Exercise goal -
Output exactly, and only, the stretch of lines beginning at the line with "Eye-catching Strapless Sleeveless" and ending at the last line of the listing below. Drop the pictures.

.....

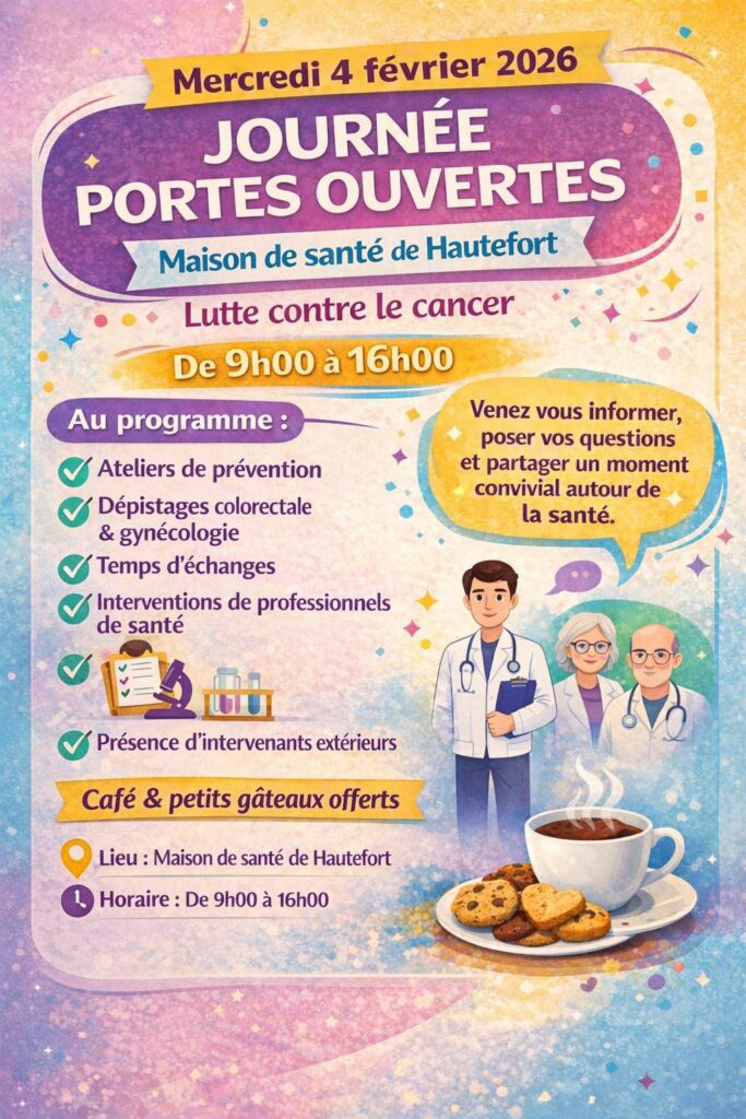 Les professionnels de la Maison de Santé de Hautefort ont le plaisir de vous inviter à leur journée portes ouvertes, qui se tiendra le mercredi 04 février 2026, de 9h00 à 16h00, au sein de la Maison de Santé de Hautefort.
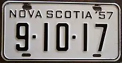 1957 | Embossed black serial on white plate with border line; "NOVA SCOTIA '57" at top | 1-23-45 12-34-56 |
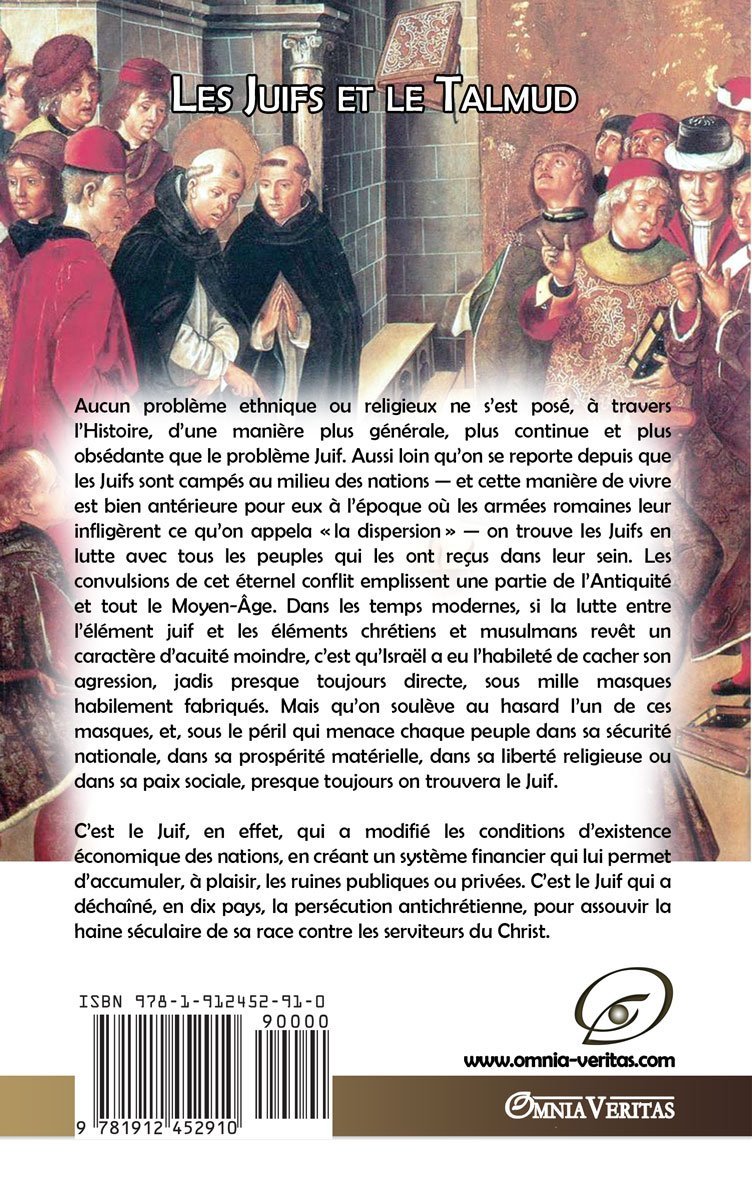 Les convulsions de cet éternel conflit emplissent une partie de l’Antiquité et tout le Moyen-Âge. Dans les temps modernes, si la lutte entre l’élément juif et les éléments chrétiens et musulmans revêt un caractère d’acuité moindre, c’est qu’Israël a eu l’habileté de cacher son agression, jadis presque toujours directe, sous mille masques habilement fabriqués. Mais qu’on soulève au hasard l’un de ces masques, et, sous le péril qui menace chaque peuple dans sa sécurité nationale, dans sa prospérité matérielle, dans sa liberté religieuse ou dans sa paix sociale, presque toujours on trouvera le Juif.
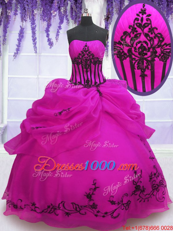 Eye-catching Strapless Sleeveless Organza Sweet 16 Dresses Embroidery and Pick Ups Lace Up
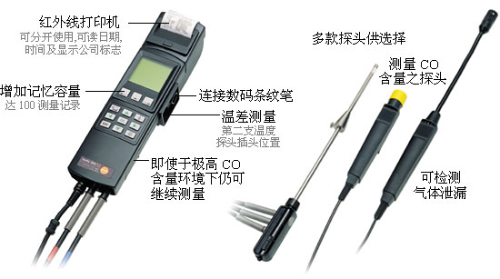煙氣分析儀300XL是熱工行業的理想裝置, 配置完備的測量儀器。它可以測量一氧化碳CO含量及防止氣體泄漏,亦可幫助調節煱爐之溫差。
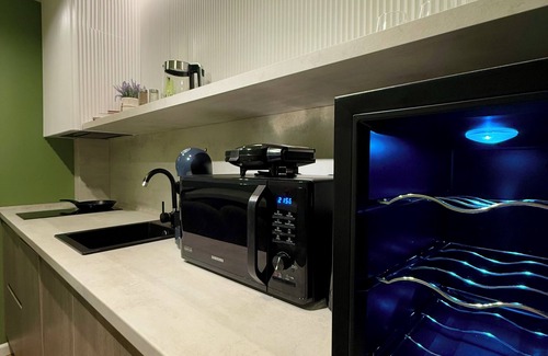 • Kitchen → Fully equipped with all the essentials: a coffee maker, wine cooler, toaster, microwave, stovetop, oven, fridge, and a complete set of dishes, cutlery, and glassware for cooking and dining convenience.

.....

Written solution -
 Eye-catching Strapless Sleeveless Organza Sweet 16 Dresses Embroidery and Pick Ups Lace Up
煙氣分析儀300XL是熱工行業的理想裝置, 配置完備的測量儀器。它可以測量一氧化碳CO含量及防止氣體泄漏,亦可幫助調節煱爐之溫差。
 • Kitchen → Fully equipped with all the essentials: a coffee maker, wine cooler, toaster, microwave, stovetop, oven, fridge, and a complete set of dishes, cutlery, and glassware for cooking and dining convenience.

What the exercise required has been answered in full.